I.e. your state machine handles the insert and also writes a secondary index at the same time. Every state machine could do this identically off the log.


> Can't secondary indexes just be implemented in your state machine?

Secondary indexes are implemented as an additional smaller table in most databases (Index -> Primary Key), which requires a write, too.

Don't take my word for it- run some benchmarks yourself to see the performance cliffs appear in these "distributed strongly consistent" databases when you have a handful of indexes.

It's why many require 10x the hardware to scale past the performance of a single node postgres / mysql.

> Calling FoundationDB "just a layer on top of TiKV" is… well… :-)

FoundationDB recommends running TiDB ontop to get an SQL layer...


>FoundationDB recommends running TiDB ontop to get an SQL layer...
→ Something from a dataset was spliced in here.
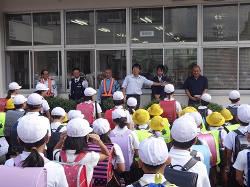 本日の下校集会には、玉名警察署や地域の交通指導員、玉名市役所から来ていただき安全指導を行いました。

You might be mixing up projects here - TiDB/TiKV are completely separate projects from FoundationDB. I don't think FoundationDB has a supported SQL layer.


> Secondary indexes are implemented as an additional smaller table in most databases (Index -> Primary Key), which requires a write, too.

> Don't take my word for it- run some benchmarks yourself to see the performance cliffs appear in these "distributed strongly consistent" databases when you have a handful of indexes.

I'm not saying secondary indexes aren't a performance cliff. I'm saying I can't think of a reason they must require additional quorum on top of the initial message that would require a secondary index update.

Since you said:

> Secondary indexes in "distributed strongly consistent" systems is what ruins performance: because each index is +1 write to another "index table" (... +1 raft quorum check!).


They will be partitioned by a different key. You may in fact have to touch two extra quorums - one to delete the old entry and one to insert the new entry.

This depends on the specifics of how your database works, of course. I’m not sure this would involve multiple consensus quorums in FDB for instance, given that I believe it instead relies on a centralised timestamp service.


I don’t think there is any officially recommended way to run SQL ontop of FoundationDB. I suspect the TiDB comment you saw was someone speculating about an idea maybe (I vaguely recall some GitHub issues about it).

There are some well supported document interfaces like the official record layer or Tigris though.


You're right, my mistake.


I would love to see a Jepsen test of this when it's ready. The Redis Cluster evaluation [1] was a great read.

[1]: https://aphyr.com/posts/283-jepsen-redis


FYI jepsen already evaluated the development build of Redis Raft and the write up was a good one https://jepsen.io/analyses/redis-raft-1b3fbf6

Will indeed be interesting to see the analysis once it becomes stable.


“What would Kyle have to say about this ?” was the first thought that came to my mind.


Linking to the introduction bypasses the prominent note in the readme:

> RedisRaft is still being developed and is not yet ready for any real production use. Please do not use it for any mission critical purpose at this time.


This is essentially a complete fabrication. If it's on public repo, ready or not, someone will use it for prod.


It's not a fabrication it's a statement that if you use this in prod and it catches fire, that's on you buddy.

This is like saying laws around seatbelt wearing are a fabrication because some people ignore them..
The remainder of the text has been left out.